Still wondering if Rick Astley gives up anything for Lent.
When you’re in the shower, and you hear loud thumps and you think
“THEY’RE KILLING MY FAMILY, AND I’LL HAVE TO FIGHT THE ATTACKER NAKED”
I can relate to Eminem because I’m also a black man trapped in a white woman’s body.
Once upon a time (today) I had to help with pre school homework
Me: -holds up yellow
Me: What color is this?
4: McDonalds
The end
At a local restaurant, I got on one knee and she said yes. 13 years later I haven’t got the balls to tell her I was just chasing a crouton.
“I just died in your arms” sounds much more romantic than “You’re holding a dead body.”

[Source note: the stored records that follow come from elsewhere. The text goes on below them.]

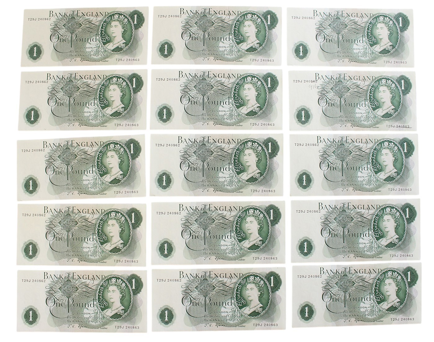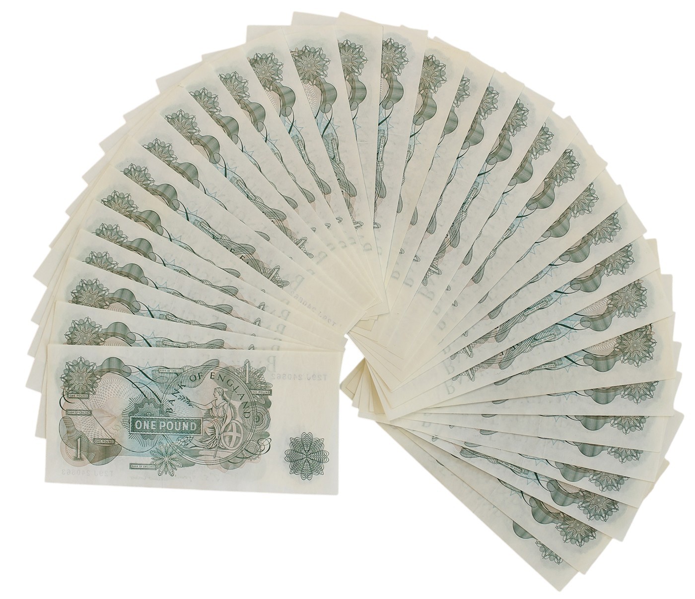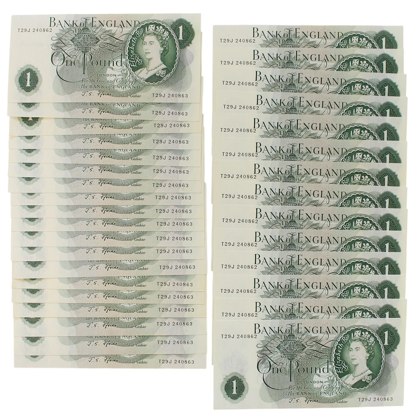 J.S. Fforde. Run of 48 identical £1 notes each numbered T29J 240862/T29J 240863 'slip and stick' error, good extremely fine, this error typically only appears on pairs of notes, we have never seen a 'slip and stick' set that encompasses such a large quantity of notes before, a potentially unique and highly desirable range. (BNYB E3h) (R)
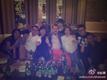 今天《畫皮2》上映,趙薇等主創(chuàng)團隊集體慶祝,身為主演的趙薇在微博上曬出與多位男性好友的親密照,特別是緊摟郭敬明,手臂相握的照片更顯出幾分曖昧。跟老友黃渤大玩貼面,是趙薇婚后少有的大尺度親密照。
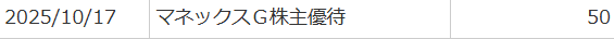 | 優待内容 | マネックスポイント(1pt=1円相当) |

“Oh, look! She’s drinking vodka, let’s kill her!” – Spiral staircases
I’m following around cop cars all day to let them know how it feels.
It’s raining men because the aliens are returning the abductees in the most compelling way possible.
Just built a kite that’ll hold my cat. Figured if a mouse helped discover electricity then my cat & I should be able to unlock time travel.
Get a tattoo with Chinese symbols that reads, “I don’t know. I don’t speak Chinese.” Wait for people to ask what your tattoo means.
People in sleeping bags are the soft tacos of the bear world.
Watching my mother-in-law order at Starbucks is like watching a drunk gorilla try to start a car with a french fry.
LIFE LESSON: Never do anything which you don’t want to explain to the Paramedics.
One time my dad caught me smoking an e-cig so he took me out to the shed and made me smoke an entire VCR.